The Road Transport Department Malaysia, (Malay: Jabatan Pengangkutan Jalan Malaysia, abbreviated JPJ), is a government department under the Malaysian Ministry of Transport. This department is responsible for issuing Malaysian number plates. Its head office is in Level 1-5, Block D4, Complex D, in the Federal Government Administrative Centre in Putrajaya.

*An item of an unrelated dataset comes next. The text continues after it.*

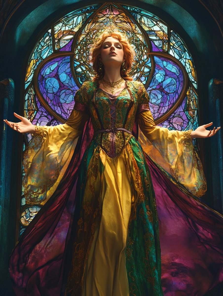 Завораживающее видение неземной красоты, сотканное в стиле ар-нуво с отсылками к творчеству Грега Рутковски и Альфонса Мухи. Изображение поражает обилием деталей: развевающиеся одежды напоминают туманную дымку, а меланхоличное выражение лица передает глубокую эмоциональную насыщенность. Мягкий золотой свет создает драматический эффект, играя тенями и подчеркивая кинематографичность композиции. Изображение выполнено с использованием Octane Render в разрешении 8k, что обеспечивает невероятную четкость и реалистичность текстур кожи. Мастерская работа, выполненная с применением техник профессиональной фотографии на камеру Canon EOS 5D Mark IV при апертуре f/2.8 для достижения максимальной точности фокусировки и глубины резкости. Это не просто изображение – это погружение в мир грез, где красота и печаль переплетаются воедино, создавая неповторимую атмосферу таинственности и утонченности. Каждый элемент картины проработан с любовью и вниманием к деталям, от изящных линий одежды до мельчайших нюансов освещения. Это произведение искусства способно вызвать сильные эмоции и оставить неизгладимое впечатление в душе зрителя

The department is charged with the responsibility of undertaking registration and licensing of drivers and all motor vehicles and trailers in Malaysia. According to the Road Transport Act, the enforcement and regulatory duties are under the roles and responsibilities of JPJ. The current director general of the department is Dato' Sri Shaharuddin bin Khalid.

KEJARA system
Demerit Points System or Sistem Merit Kesalahan Jalan Raya (KEJARA) is a road offenders demerit point system.

Main purpose
 To reduce road accidents
 To take action against traffic offenders

See also

 Driving licence in Malaysia
 Vehicle registration plates of Malaysia
 Puspakom
 Road signs in Malaysia
 Transport in Malaysia

References

 Adopted from Kurikulum Pendidikan Pemanduan (KPP), Panduan Pembelajaran textbook by Malaysian Road Transport Department (JPJ)

External links
 
 JPJ unofficial website
 

Road Transport
Road transport in Malaysia
Ministry of Transport (Malaysia)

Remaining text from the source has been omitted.